Blade’s baddies display some impressive AI-driven moves and vary in their hit-point levels and equipment (they’re armed with progressively more vicious armaments that you can pick up); but fighting the orcs, knights, skeletons, zombies, and golems does get quite repetitive, despite strategic quirks of learning what weapons do better damage against particular creatures (use hammers against skeletons and edged weapons against zombies). It’s credit to the combat system, though, that each encounter still plays in a unique way. On top of that, multiple enemies will work together, with the strongest coming forward first, though nothing will inflame your ire more than a near-dead orc swigging from a full health potion it’s carrying while you’re dodging his buddies’ swipes. The anguish is tangible, mainly because you know that dying will cause a reload, and the reload times are looooong. Not only that, but there’s no quick-save: you have to maneuver through two menu screens to access the save option, and then there are only six slots available.
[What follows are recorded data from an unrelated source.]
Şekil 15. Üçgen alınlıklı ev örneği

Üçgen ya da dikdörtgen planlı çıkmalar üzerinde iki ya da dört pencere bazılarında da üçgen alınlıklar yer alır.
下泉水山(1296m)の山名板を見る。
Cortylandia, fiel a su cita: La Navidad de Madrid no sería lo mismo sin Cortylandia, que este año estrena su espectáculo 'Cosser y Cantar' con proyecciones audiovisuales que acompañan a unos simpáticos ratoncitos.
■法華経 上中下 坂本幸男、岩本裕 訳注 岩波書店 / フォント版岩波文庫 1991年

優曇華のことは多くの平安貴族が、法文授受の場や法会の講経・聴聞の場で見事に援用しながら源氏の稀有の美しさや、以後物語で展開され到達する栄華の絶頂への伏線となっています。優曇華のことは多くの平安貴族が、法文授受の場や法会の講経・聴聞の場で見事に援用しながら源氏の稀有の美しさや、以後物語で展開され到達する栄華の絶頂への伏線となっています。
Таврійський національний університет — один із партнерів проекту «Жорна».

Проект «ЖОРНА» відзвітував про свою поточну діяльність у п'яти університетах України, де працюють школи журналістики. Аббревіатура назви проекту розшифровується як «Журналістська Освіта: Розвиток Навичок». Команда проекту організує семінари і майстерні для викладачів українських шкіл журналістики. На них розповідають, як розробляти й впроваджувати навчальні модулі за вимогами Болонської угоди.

While the LAN and TCP/IP multiplayer duels encourage effective use of combos, and work reasonably smoothly, they don’t have the depth of possibilities that even Interplay’s quirky, poor-selling Die By The Sword managed several years ago. It’s a shame Blade doesn’t offer more in this regard considering how potentially repetitive the single-player campaign can become. Long and frequent load times serve only to pull you out of the game world, and in doing so, render much of the voice-driven plot-telling inconsequential. Similarly, the game’s RPG element serves to make you feel more powerful as you progress, but it’s an artificial system: I gained two levels in quick succession when killing just two average skeletons -- I’d evidently taken a branching path more difficult than my character could manage, and was given a rapid boost.
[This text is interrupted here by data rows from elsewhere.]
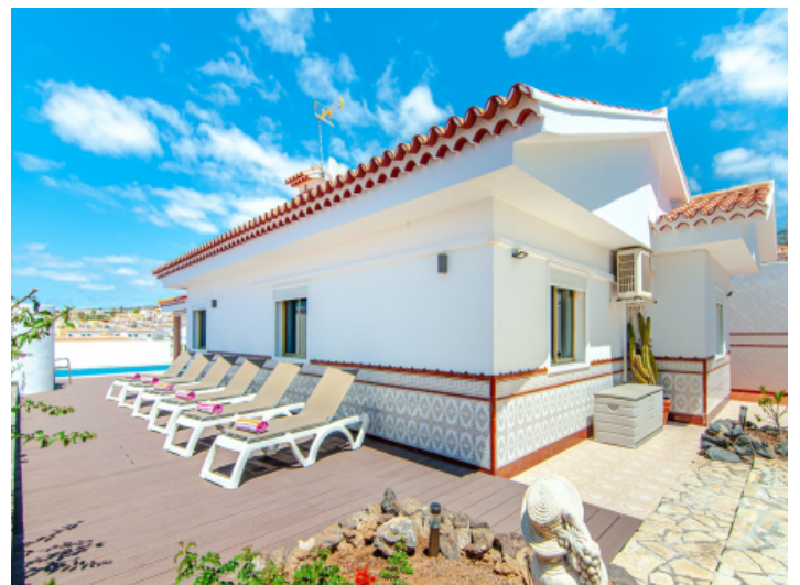
Sonnenterrasse mit Liegen
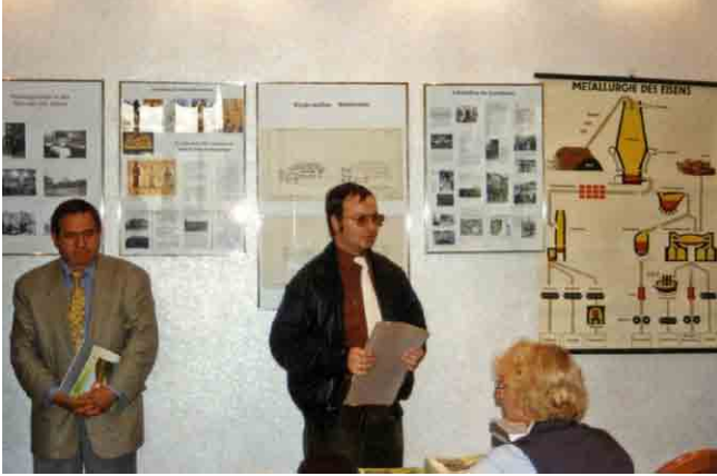
Gemeinsame Ausstellung Deutsches Chemiemuseum Merseburg und Stadtarchiv Leuna zum Jahr der Chemie 2003 (StA Leuna, Lichtbildsammlung, Nr. 3282).

chemischen Industrie mittels Einlagerungen in den Jahresringen von Bäumen.
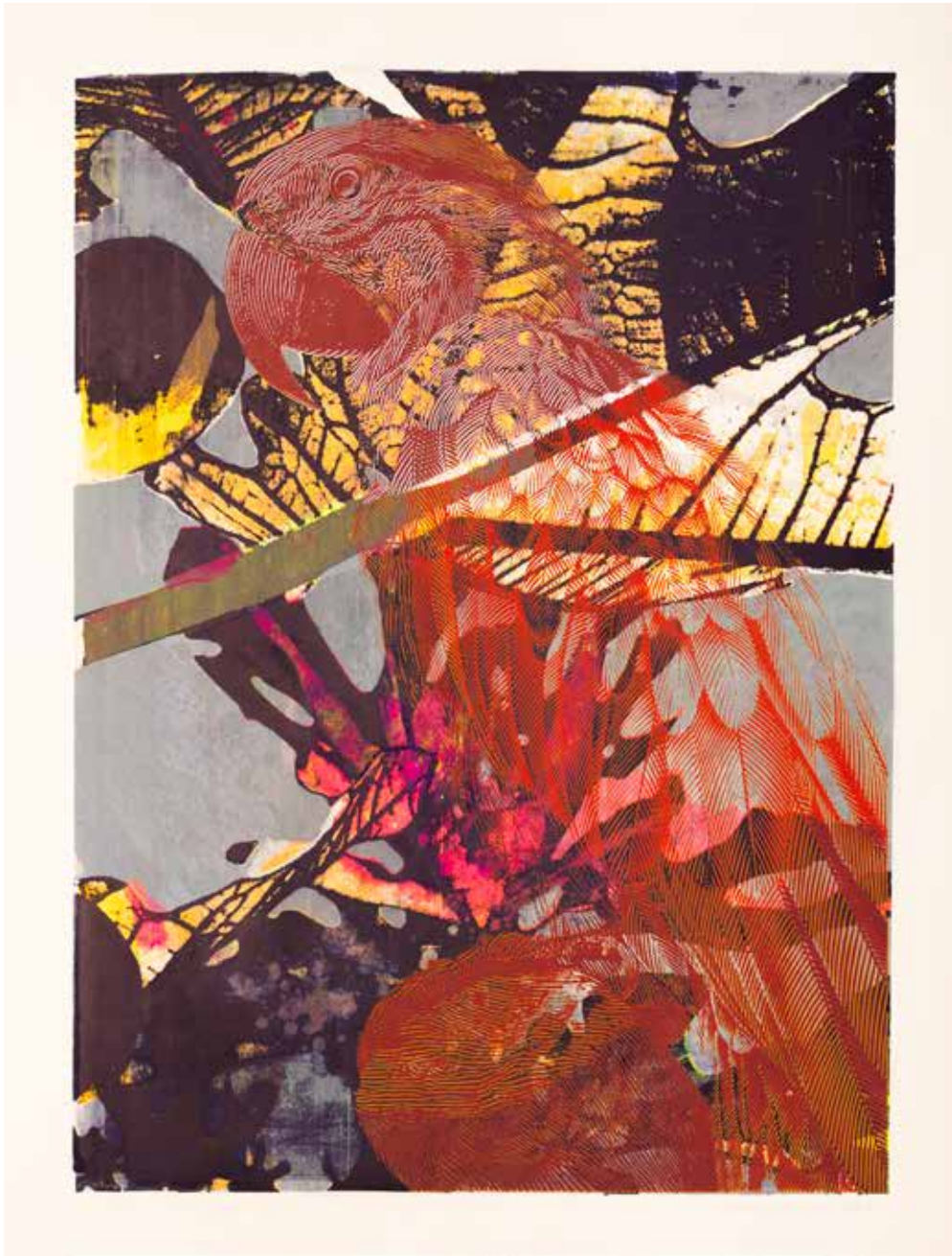
2021, U celu , serigrafia, 66 x 50 cm
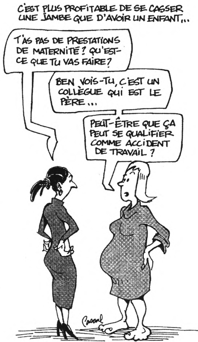
Tiré du livre Femmes et famille de la collection La Gazette des femmes, publié par le gouvernement du Québec. 1999.
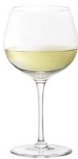
ホワイトB White B
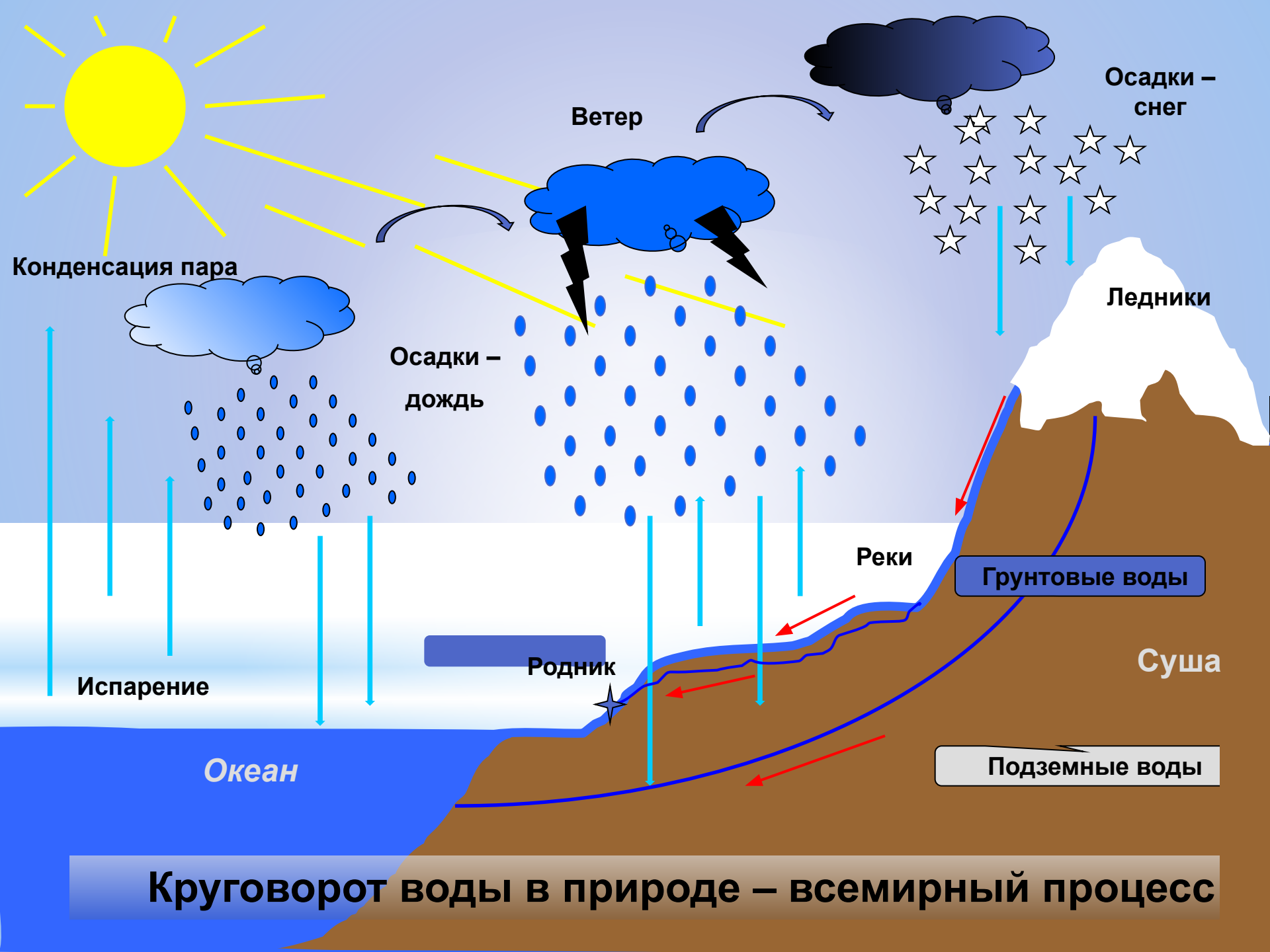
Круговорот воды в природе – всемирный процесс
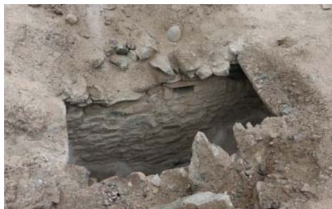
Vista de algunas estructuras de "El Curaca", son construidas con piedra canteada unido con argamasa
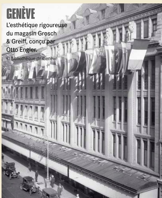
GENÈVE L'esthétique rigoureuse du magasin Grosch & Greiff, conçu par Otto Engler.

Parmi les bâtiments « allemands » construits en Suisse au XIX e et au début du XX e siècle figurent la première gare de Bade à Bâle, le château historiciste de Hünegg, au bord du lac de Thoun, plusieurs églises et de nombreux grands magasins. Ce qui caractérise ces derniers ? Une architecture « verticaliste », des façades rythmées de travées régulières, des meneaux de pierre cachant une structure de béton armé et la mise en évi-

Though the journey through Blade’s world is very, very arduous, it’s encouraging that the designers seemed to keep the best for last, with the final levels featuring the most impressive boss enemies, and the most detailed and inventive level designs. When you complete the quest, you’ll have earned it, since it too often feels like hard work. But no job worth doing is easy, and Blade is a great example of its genre, and a fine gaming experience by any standards.